ˈsword-bearer
[Cf. ON. sverðberari.]
A person who bears a sword. a. spec. A municipal official who carries a sword of state before a magistrate on ceremonial occasions.
| 1431 Rec. St. Mary at Hill (1905) 15 The Mayres Swerd berer for the tyme beyng. a 1471 Rolls of Parlt. V. 396/1 Kerver and Swordberer to the said moste heynous Traytour. 1518 Star Chamber Cases (Selden Soc.) II. 143 Officers of the same Towne, as Recorder, Towne Clerke, Swordberer, attorney and other. a 1674 Clarendon Hist. Reb. xvi. §118 The City of London sent a Letter to him by their Sword-Bearer. 1708 Lond. Gaz. No. 4464/5 His Lordship..carried the Sword bareheaded before Her Majesty..to the Church, where the City Sword-bearer receiv'd it from his Lordship. a 1734 North Lives (1826) I. 251 There was one Row in office of swordbearer; which in that town [sc. Bristol] is pronounced sorberer. I thought it sounded like Cerberus. 1835 App. Munic. Corpor. Rep. i. 60 The Sword-bearer [of Gloucester] is elected for life by the corporation... His only duties are to attend upon the mayor, and to carry the sword. |
b. An attendant on a military man of rank, or on a chief, who carries his master's sword when not worn.
| 1660 in Verney Mem. (1904) II. 151 What the Sword-bearer brought of Monke's coming up, may bee falsly rendered by him. |
c. gen. One who carries or wears a sword.
| 1530 Palsgr. 278/1 Swerdeberer, porteur despee. 1538 Elyot, Macherophorus, a sworde bearer. 1570 Jewel View Bull Pius V (1582) 4 [Saint] Paule the Swordebearer. 1802 James Milit. Dict., Sword-bearer, one who wears a sword. |
d. A ruler or magistrate having authority to punish offenders (with allusion to Rom. xiii. 4).
| 1660 R. Coke Justice Vind. 32 Though he makes no difference between Swordbearers and Swordtakers, between Gods Ministers, and Theeves and Robbers; yet the Holy Ghost does, for Gods Minister is a Swordbearer. 1691 Baxter Nat. Ch. xi. 49 Supposing such Bishops qualified.., and usurping none of the Sword-bearers power. |
e. One of an order of knights in Poland, founded in 1204: see port-glaive.

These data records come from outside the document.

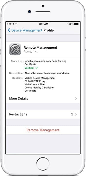 - Now, Remove the profile and restart your Apple device.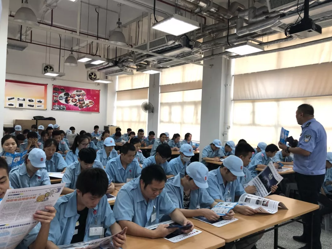 同時(shí),反詐騙教育學(xué)院公開(kāi)課走進(jìn)梅林派出所轄區(qū)成豐電子廠,由反詐騙教育學(xué)院專(zhuān)職講師為廠里近500位員工普及反詐知識(shí),并且組織工友們閱讀反詐騙教育學(xué)院專(zhuān)刊,提高他們的反詐騙意識(shí)。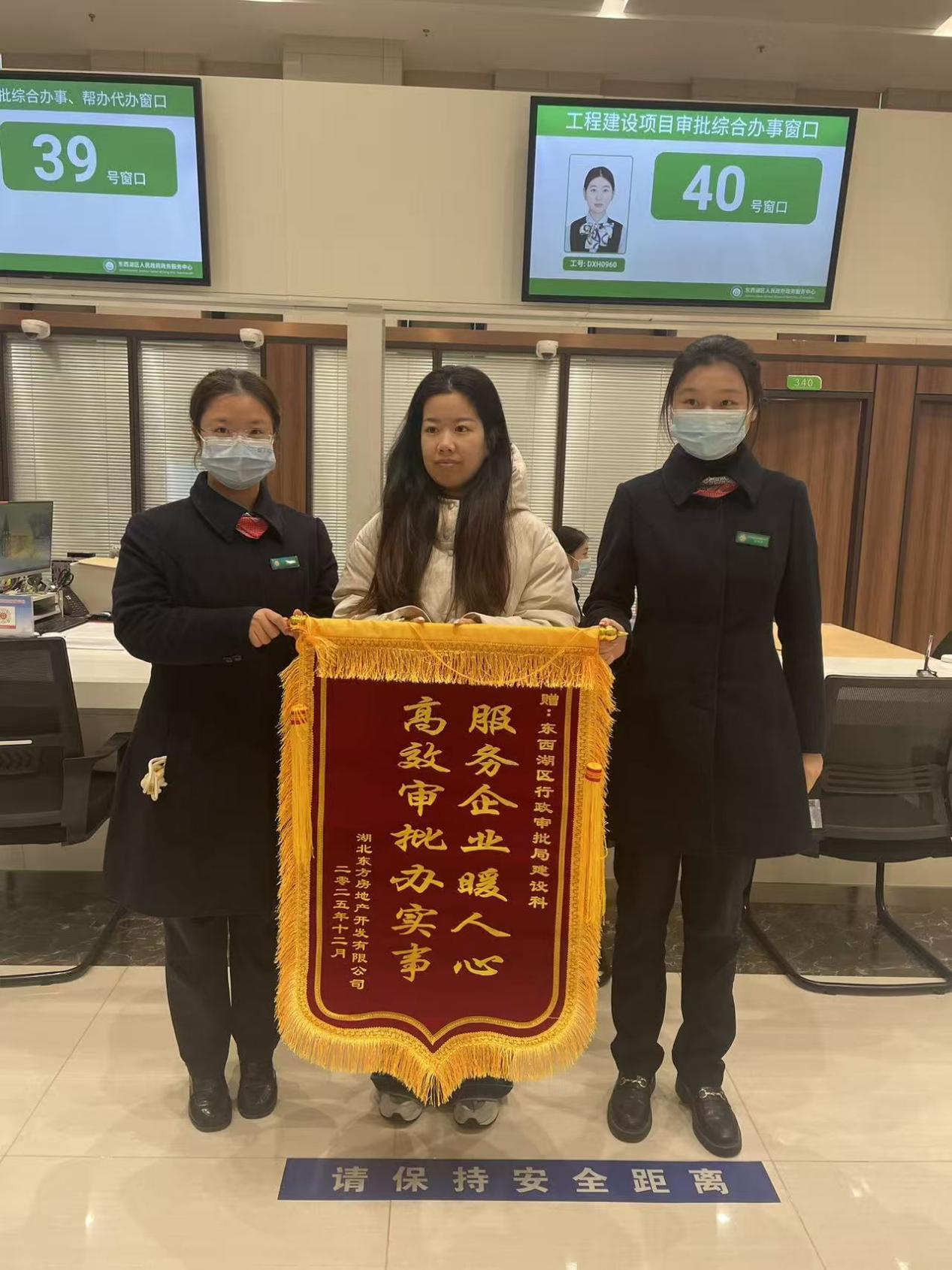 “过去办理人防审批和建筑工程施工许可证,需要分别提交材料、排队等候,耗时较长。现在一个窗口就能同步办理,真是太方便了!”近日东西湖区行政审批局建设工程项目审批科窗口成功通过“人防施工许可联合办理”新模式,助力某重点企业项目快速落地,企业负责人专程送来“高效审批办实事,服务企业暖人心”的锦旗,对窗口工作人员专业、高效、暖心的服务表示感谢。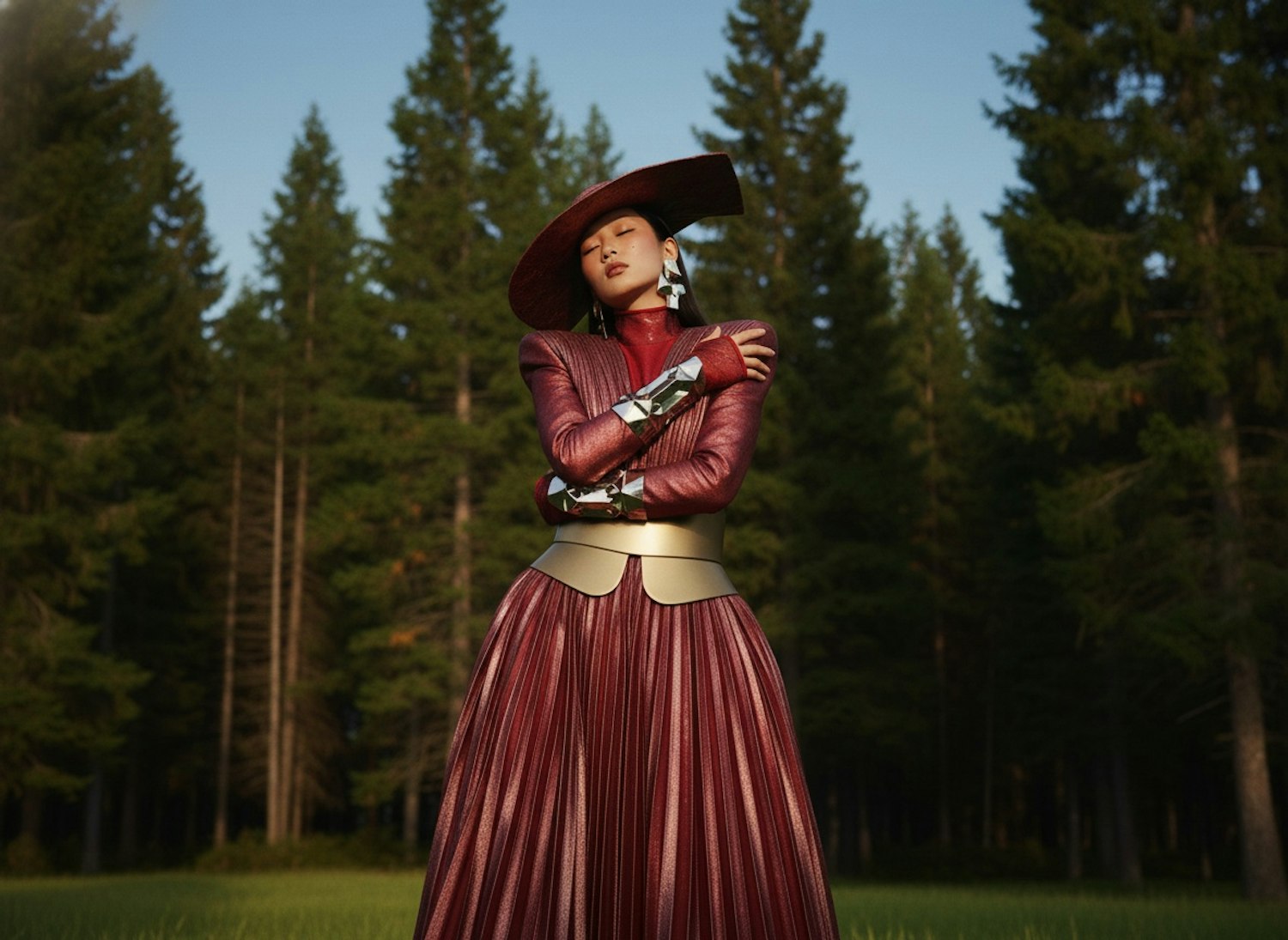 A person in a metallic red outfit and wide-brimmed hat stands in a forest, blending futuristic fashion with a serene natural setting.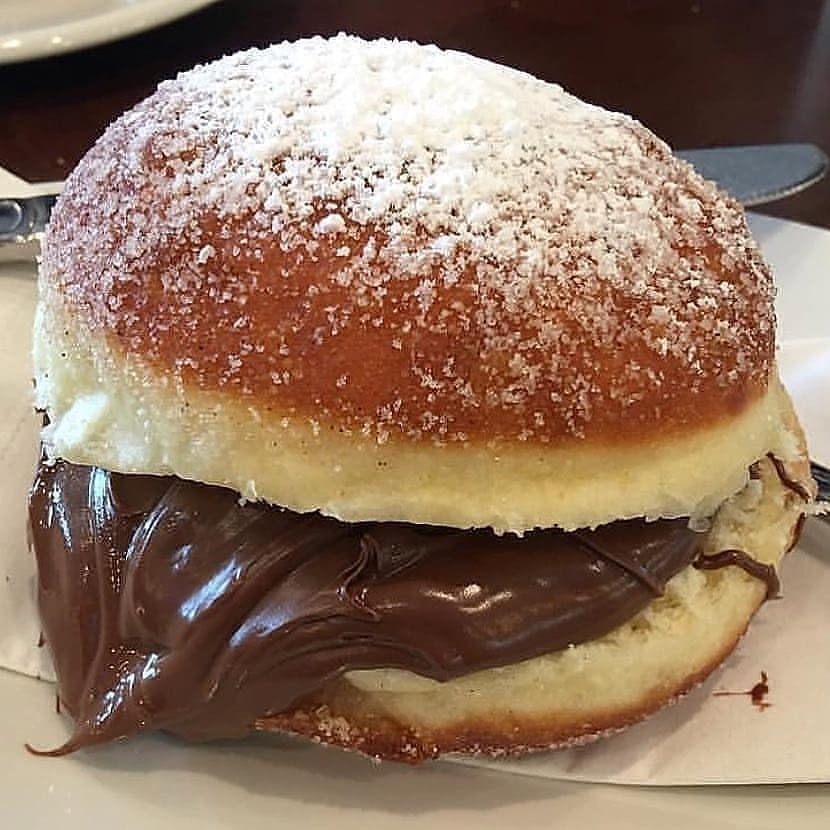 Mojar los sueños en la leche y luego en la mezcla de leche en polvo y azúcar. Cortar el sueño por la mitad y llenarlo con Nutella.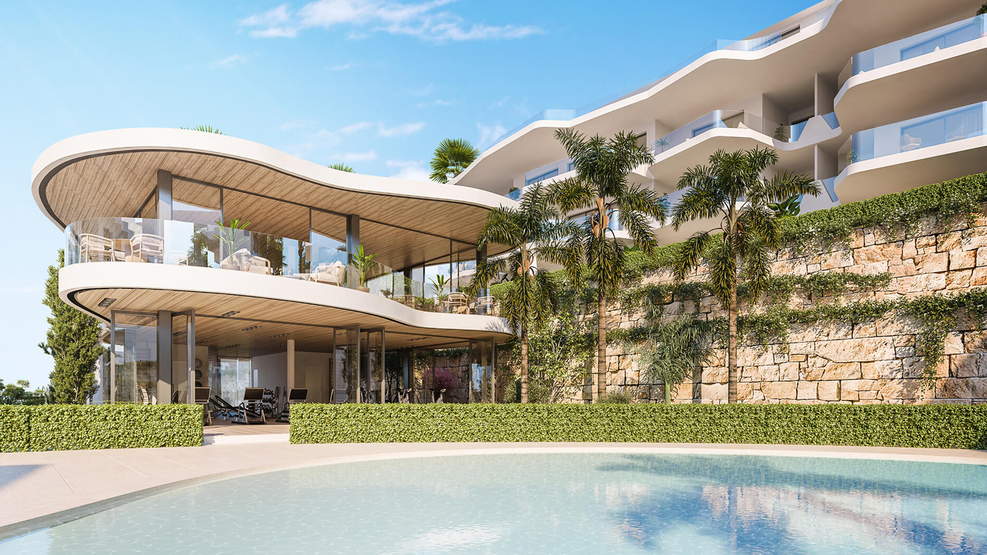 Las Lomas del Higuerón har stora grönområden, simbassänger, omfattande trädgårdar, individuella samarbetsytor och ett fitnesscenter för varje urbanisation.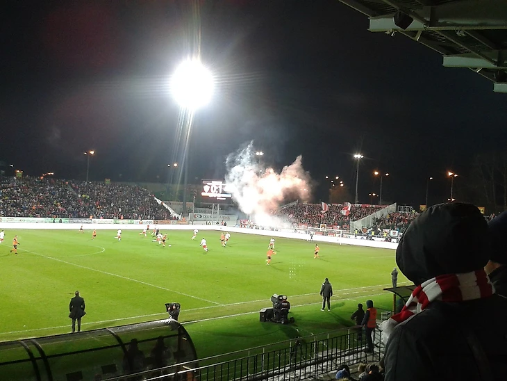 Традиционные очереди при входе на сектор уже не удивляют. "Расстегните, пожалуйста, куртку" — просят сотрудники охраны. Впервые столкнулась с таким досмотром при входе на обычный центральный сектор. На улице всё же далеко не май, чтобы чувствовать себя комфортно с расстёгнутой курткой даже несколько секунд. После досмотра куртки наконец-то пропустили на стадион, забыв проверить содержимое сумки и пакета. В свою очередь, я забыла о том, что в пакете лежит начатая бутылка воды.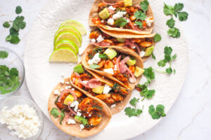 These tasty vegetarian tinga tacos use creamy large butter beans instead of meat! While nontraditional, Mexican style butter beans are amazing – the creaminess of the beans balances out the smoky spicy tinga sauce perfectly. You will love this quick, easy and unique vegetarian taco recipe.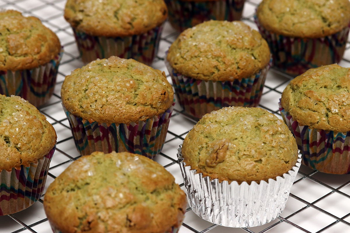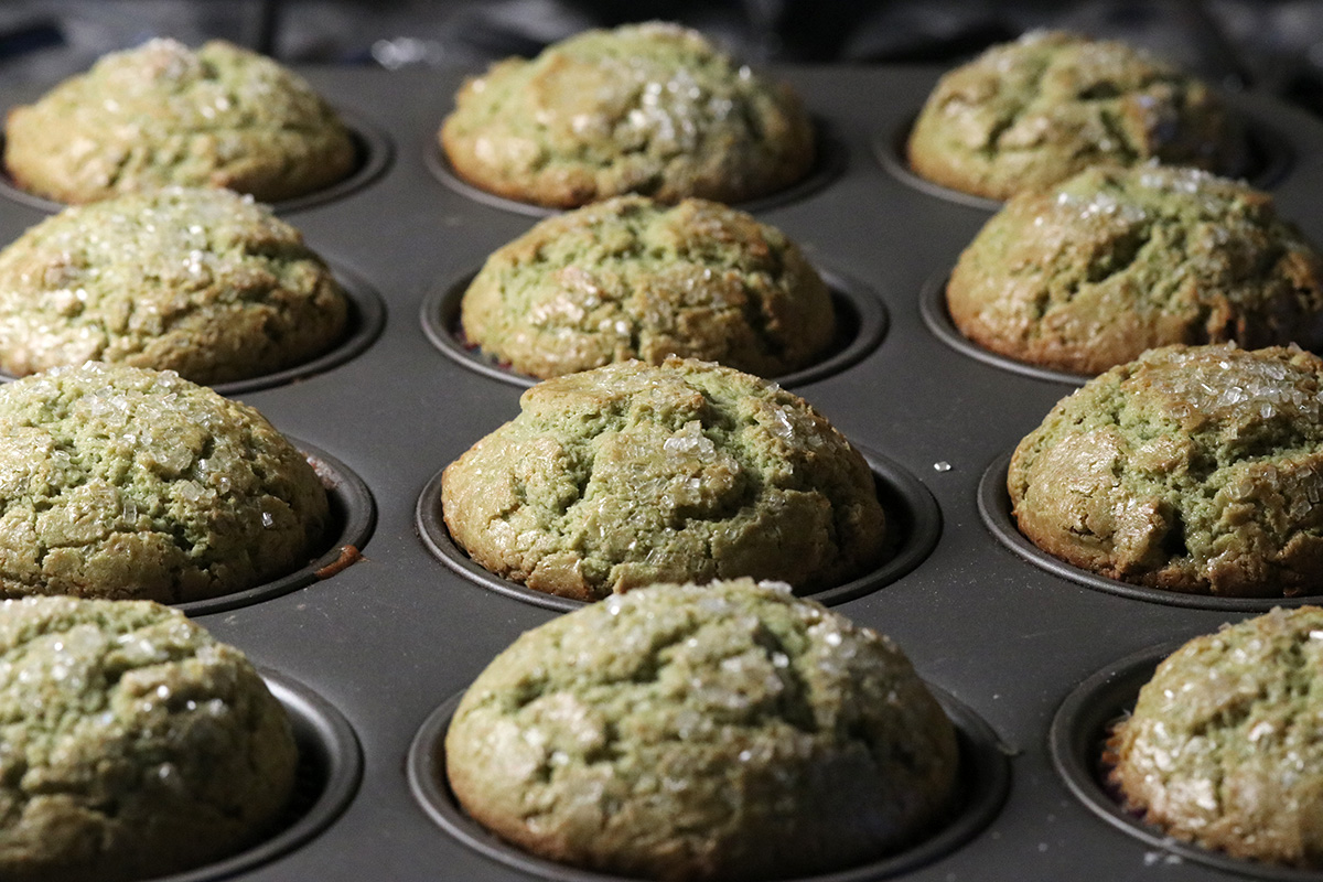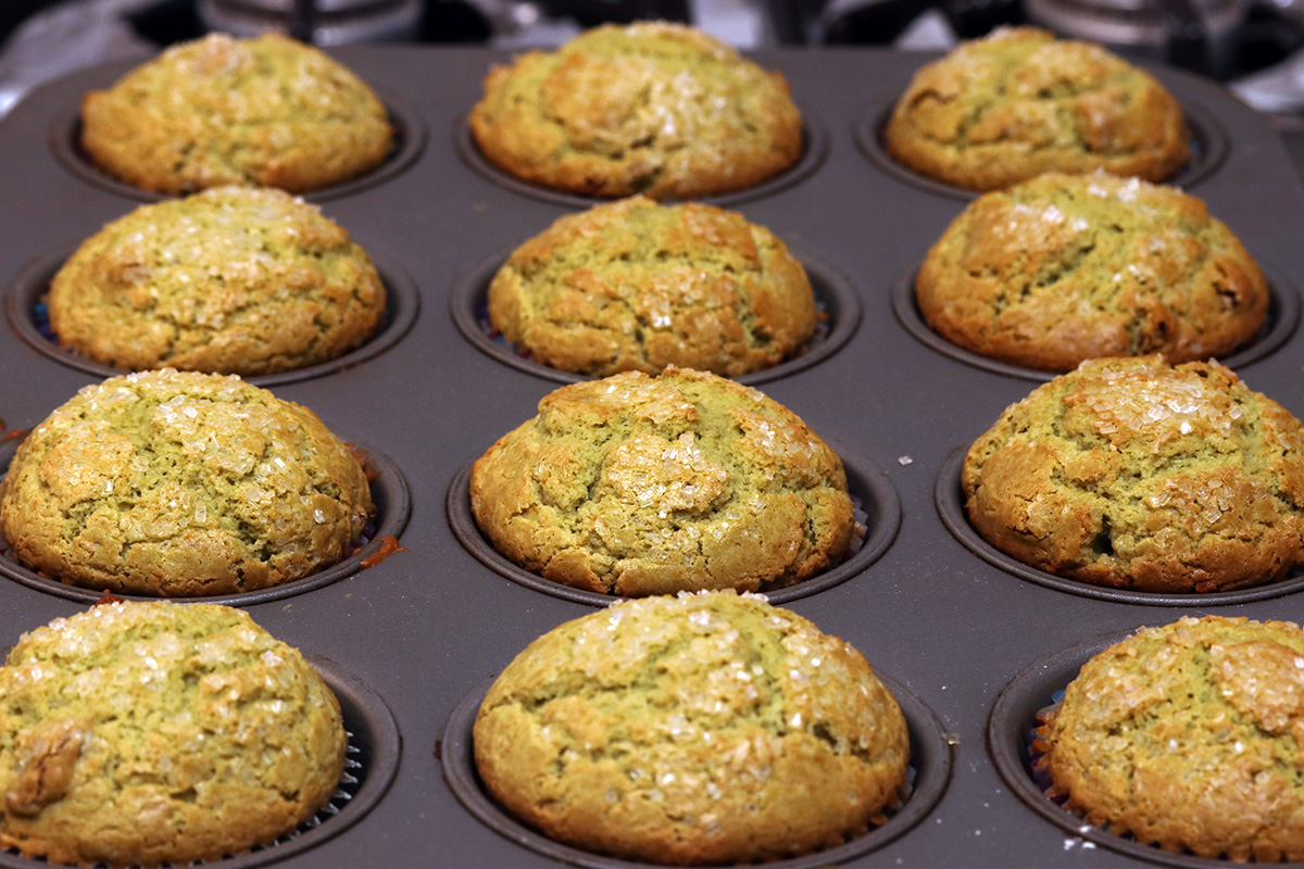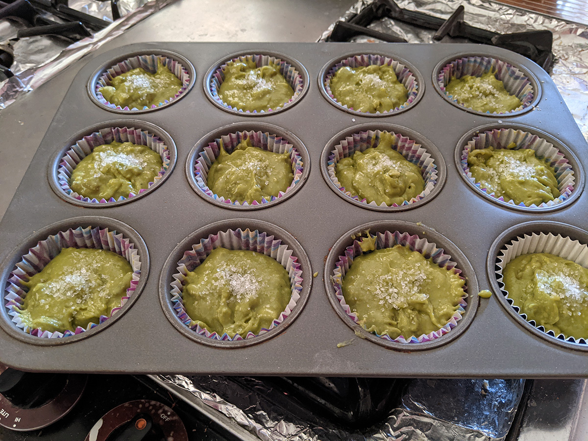 i made matcha muffins today. not knowing how they'd turn out, i used a dozen serving cupcake tray instead of my usual jumbo muffins tray. it's pretty much exactly my jumbo blueberry muffin recipe, except instead of 2 cups of frozen blueberries i used 1 cup of green xinjiang raisins and i added a tbsp of matcha powder. i also had some cupcake liners i found in my kitchen drawer and decided to use them up.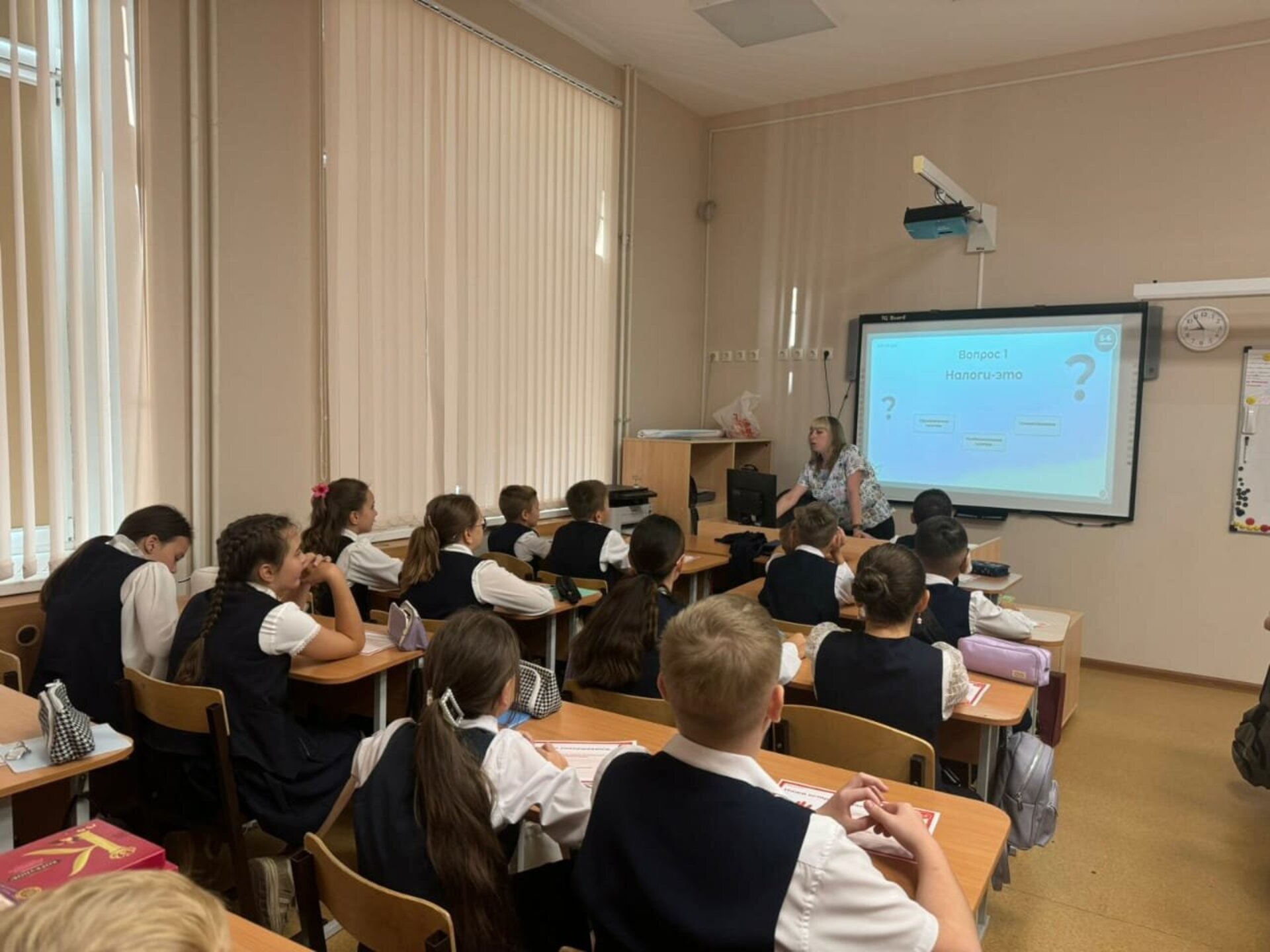 На уроке ребята активно участвовали в диалоге, разгадывали ребусы, проявляя находчивость и неподдельный интерес к теме налогообложения. Для закрепления полученных знаний школьникам предложили ответить на вопросы викторины по налоговой тематике.

| 1656 [see port-glaive]. 1693 d' Emiliane's Hist. Monast. Orders 287 Of the Order of Teutonick Knights, Marrianes, or Sword-bearers. 1728 Chambers Cycl. s.v. Teutonic, In 1204, Duke Albert had founded the Order of Sword-bearers, Port-Glaives. 1784 H. Clark Hist. Knighthood II. 88 Albert then Bishop of Livonia..prescribed to these Knights the Cistercian rule and habit, viz. a long white mantle and black hood; on the breast two swords in saltire, whence they had the title of Brethren Sword-Bearers. 1841 Penny Cycl. XX. 248/1 Most of these [German] families settled there [sc. in the Baltic provinces] when the Order of the Knights Sword-bearers was the acknowledged sovereign of these countries (from 1300 to 1530). |
Hence ˈswordˌbearership, the office of a sword-bearer (sense a).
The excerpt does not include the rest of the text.